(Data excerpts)
######
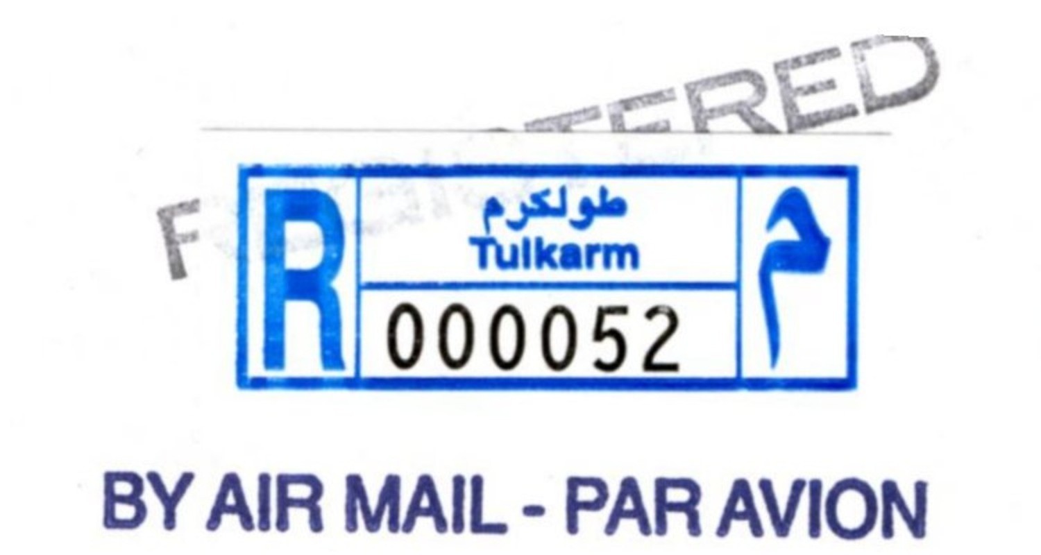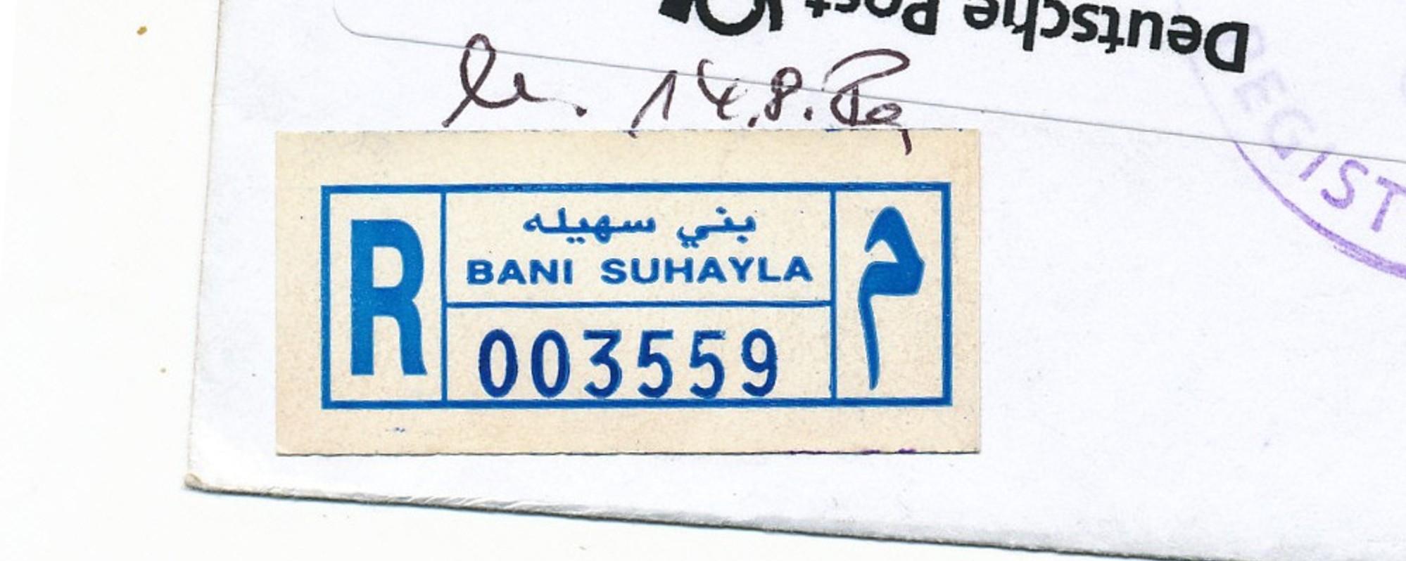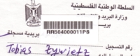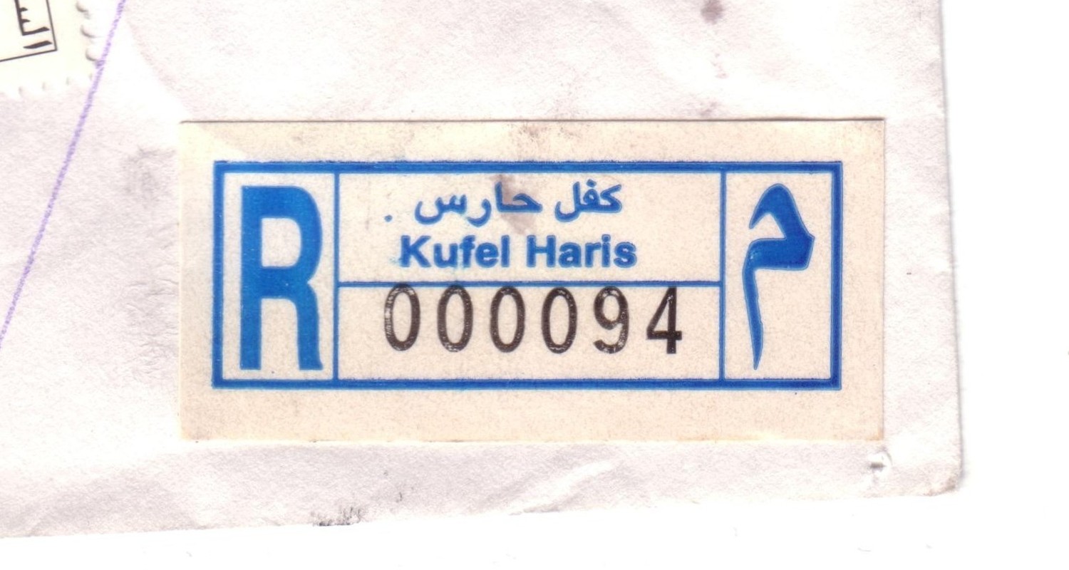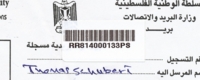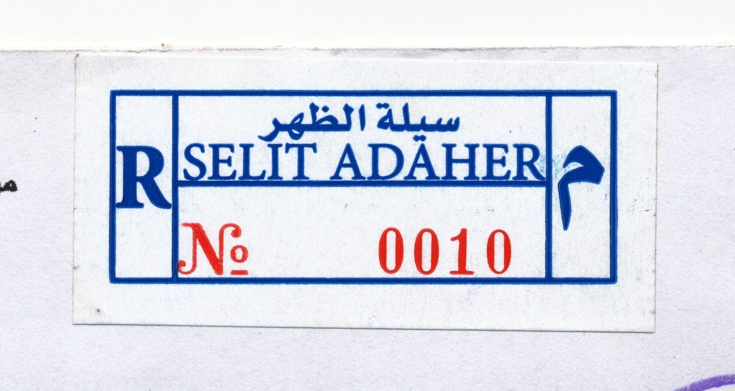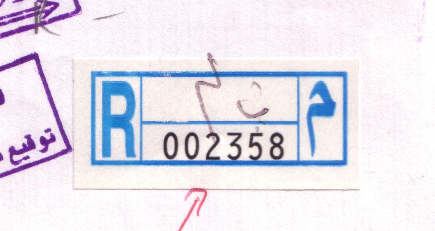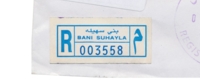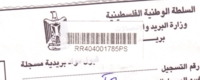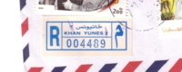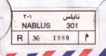 Special markings or labels for "Advice of Delivery" (avis de réception) service are naturally more rare than registration markings. An example for a handwritten marking "AR" (Gaza 8, August 2006) is shown on the right, together with the handstamp that should be available at most post offices. Below front and reverse side of form NB112 (ن ب ١١٢) and a cover from Halhul 2006.
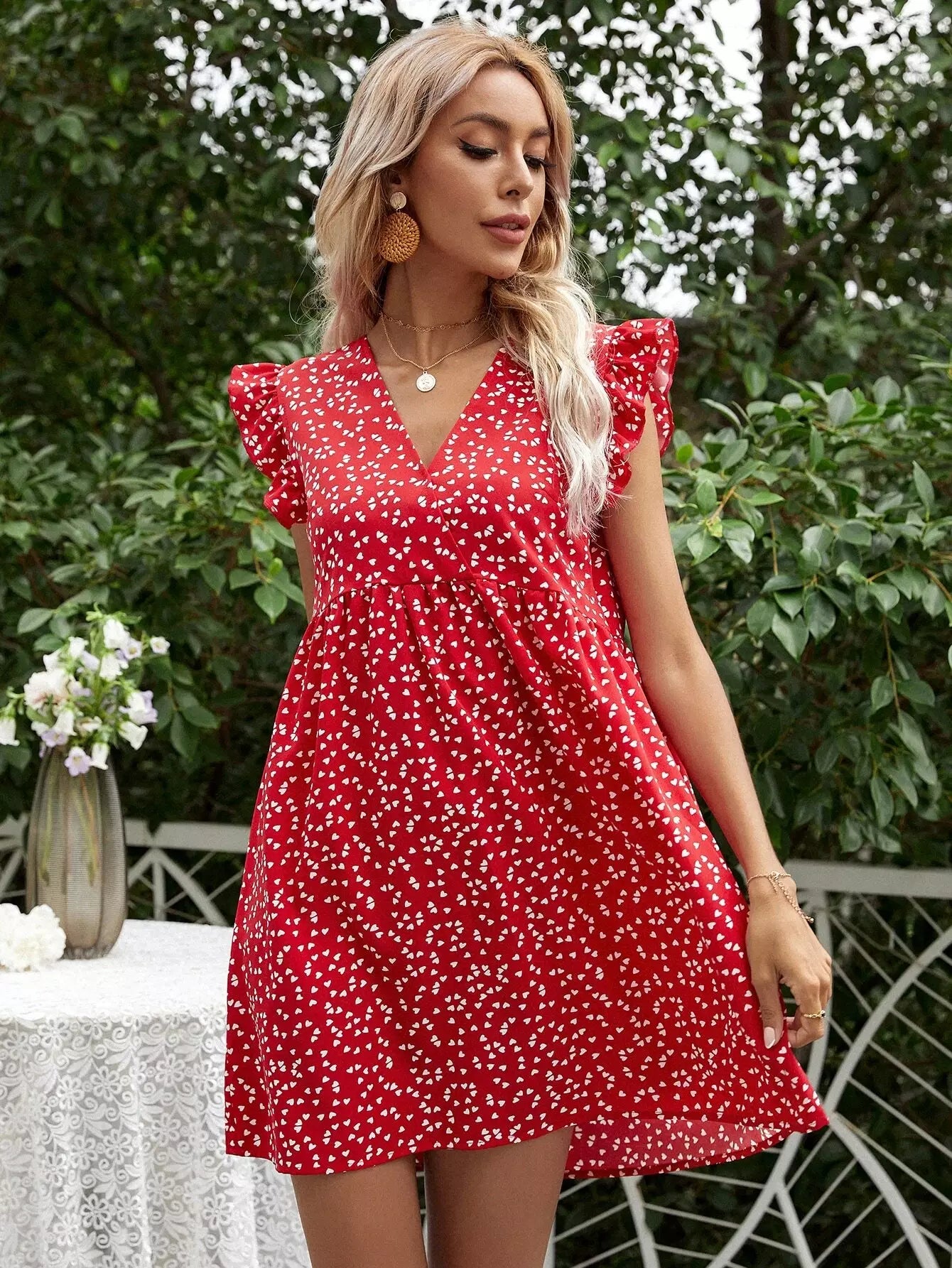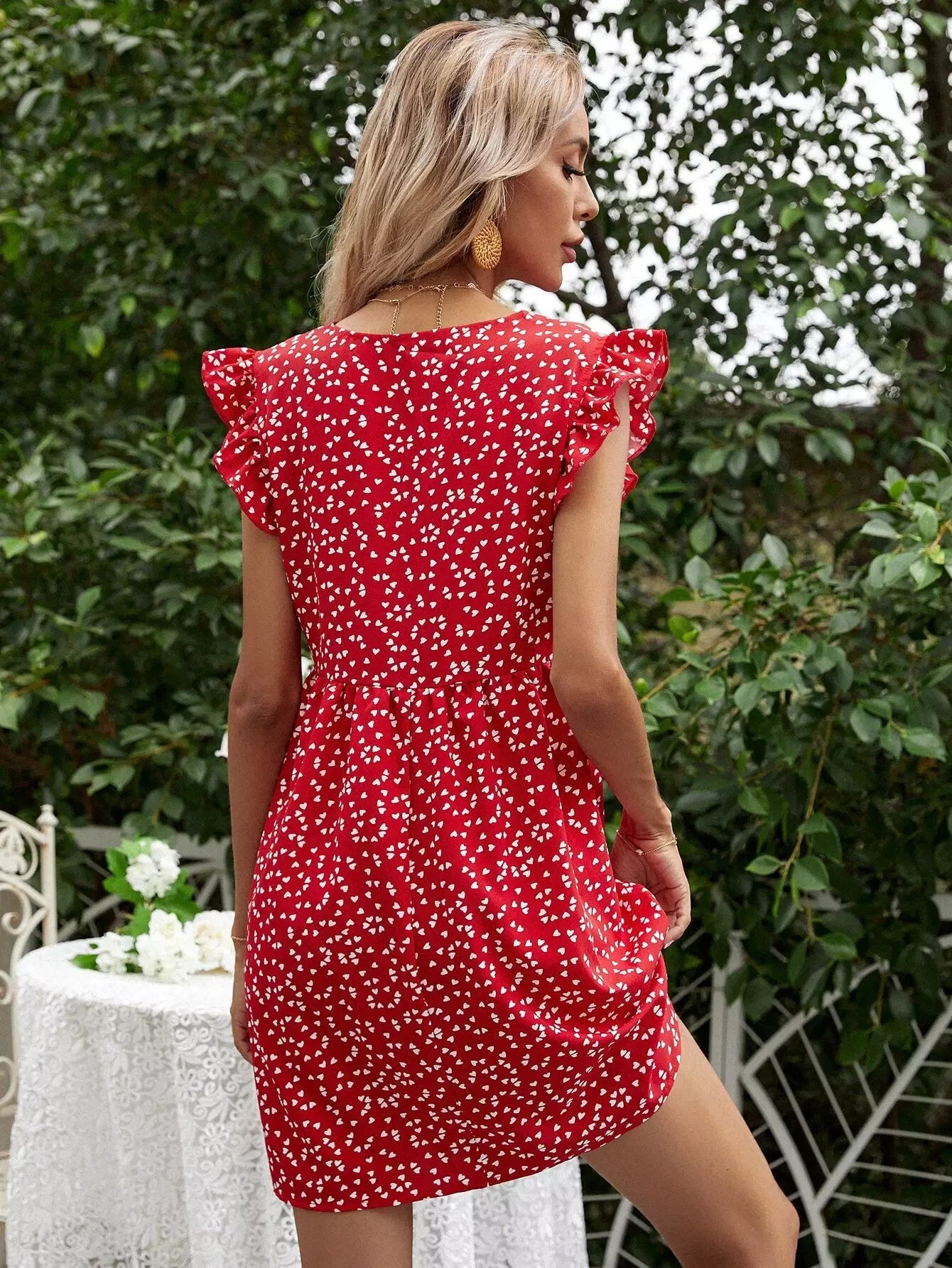 Heart Confetti Ruffle Trim Dress
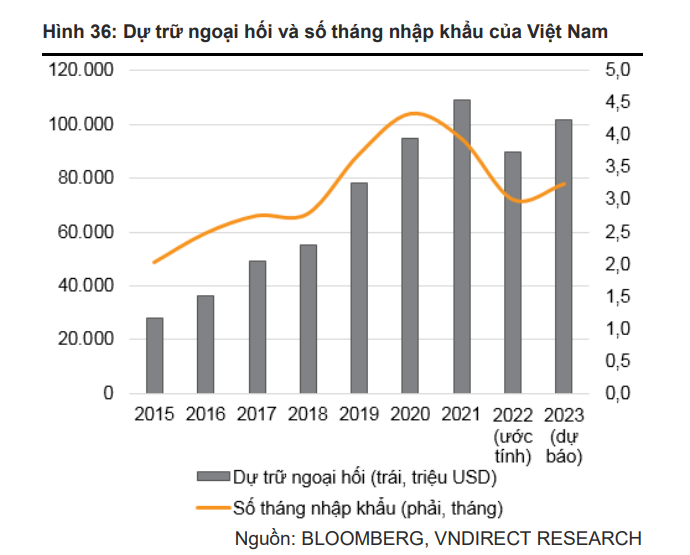 “Do đó, chúng tôi kỳ vọng dự trữ ngoại hối của Việt Nam sẽ phục hồi lên mức 3,3 tháng nhập khẩu và đạt 102 tỉ USD vào cuối năm 2023 từ mức hiện tại là 90 tỉ USD trong năm 2022”, VNDirect nhận định.
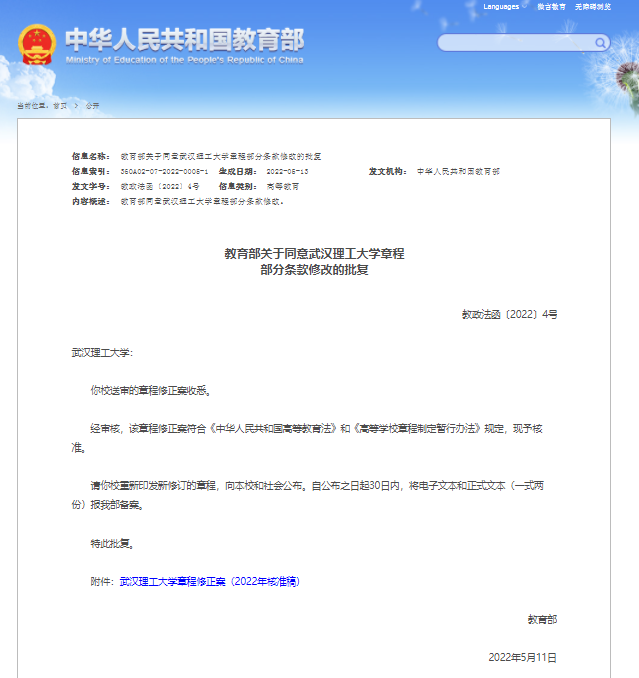 2021年8月,教育部网站以《武汉理工大学“四个强化”推进依法治校》专题推介我校依法治校工作经验。
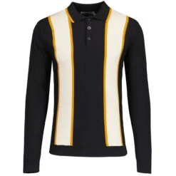 - Madcap England Junot Stripe Panel Knitted Polo Shirt.
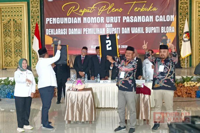 Kabupaten Blora – Berdasarkan rapat pleno terbuka pengundian nomor urut pasangan calon bupati dan calon wakil bupati Kabupaten Blora yang di adakan oleh Komisi Pemilihan Umum di Gedung Larasati, Pasangan Abu Nafi dan Andika Adikrishna mendapatkan nomor urut 2, Senin (23/09/2024).
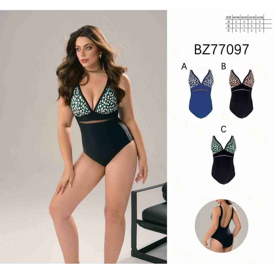 ชุดว่ายน้ำวันพีซสำหรับผู้หญิงไซส์ใหญ่ คอวี รัดรูปเก็บหน้าท้อง เปิดหลัง ชุดว่ายน้ำสำหรับฤดูร้อน ชุดชายหาด ขายส่ง รุ่นใหม่ BZ77097
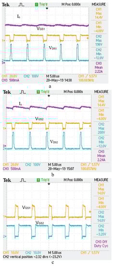 Figure 10a,b shows that when the gate voltages applied to the switches, the switches turned on. Therefore, the drain voltages of the switches dropped to the minimum values. In the other hand, when the gate voltage did not apply to the switches, the switches turned off. The drain voltages of the switches increased to the maximum values. In Figure 10c, it shows that switch and are operated in pair. One switch turns on, another switch will turn off.
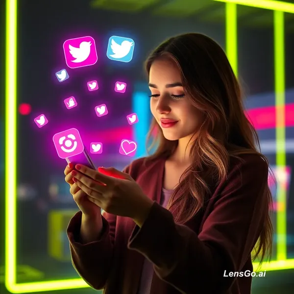 young woman using smartphone, social media icons floating, instagram followers increasing animation, digital marketing concept, neon background, cinematic lighting”
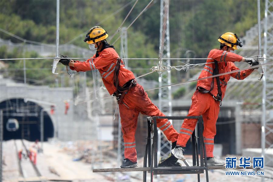 4月25日,在福建省寧德市屏南車站,施工人員開展接觸網調整作業。中鐵電氣化局集團上海公司推動衢寧鐵路福建段通信工程、信號工程、電力工程、電氣化工程各環節協同復工復產,目前來自河北、河南、四川等國內10個省的900多名員工返崗就業。衢寧鐵路北起浙江省衢州市,南至福建省寧德市,全長379.2公里。新華社記者彭張青攝
######
Prompt:
The output has to match the data above line for line, except that pictures are dropped.

Completed task:
 Special markings or labels for "Advice of Delivery" (avis de réception) service are naturally more rare than registration markings. An example for a handwritten marking "AR" (Gaza 8, August 2006) is shown on the right, together with the handstamp that should be available at most post offices. Below front and reverse side of form NB112 (ن ب ١١٢) and a cover from Halhul 2006.
 Heart Confetti Ruffle Trim Dress
 “Do đó, chúng tôi kỳ vọng dự trữ ngoại hối của Việt Nam sẽ phục hồi lên mức 3,3 tháng nhập khẩu và đạt 102 tỉ USD vào cuối năm 2023 từ mức hiện tại là 90 tỉ USD trong năm 2022”, VNDirect nhận định.
 2021年8月,教育部网站以《武汉理工大学“四个强化”推进依法治校》专题推介我校依法治校工作经验。
 - Madcap England Junot Stripe Panel Knitted Polo Shirt.
 Kabupaten Blora – Berdasarkan rapat pleno terbuka pengundian nomor urut pasangan calon bupati dan calon wakil bupati Kabupaten Blora yang di adakan oleh Komisi Pemilihan Umum di Gedung Larasati, Pasangan Abu Nafi dan Andika Adikrishna mendapatkan nomor urut 2, Senin (23/09/2024).
 ชุดว่ายน้ำวันพีซสำหรับผู้หญิงไซส์ใหญ่ คอวี รัดรูปเก็บหน้าท้อง เปิดหลัง ชุดว่ายน้ำสำหรับฤดูร้อน ชุดชายหาด ขายส่ง รุ่นใหม่ BZ77097
 Figure 10a,b shows that when the gate voltages applied to the switches, the switches turned on. Therefore, the drain voltages of the switches dropped to the minimum values. In the other hand, when the gate voltage did not apply to the switches, the switches turned off. The drain voltages of the switches increased to the maximum values. In Figure 10c, it shows that switch and are operated in pair. One switch turns on, another switch will turn off.
 young woman using smartphone, social media icons floating, instagram followers increasing animation, digital marketing concept, neon background, cinematic lighting”
 4月25日,在福建省寧德市屏南車站,施工人員開展接觸網調整作業。中鐵電氣化局集團上海公司推動衢寧鐵路福建段通信工程、信號工程、電力工程、電氣化工程各環節協同復工復產,目前來自河北、河南、四川等國內10個省的900多名員工返崗就業。衢寧鐵路北起浙江省衢州市,南至福建省寧德市,全長379.2公里。新華社記者彭張青攝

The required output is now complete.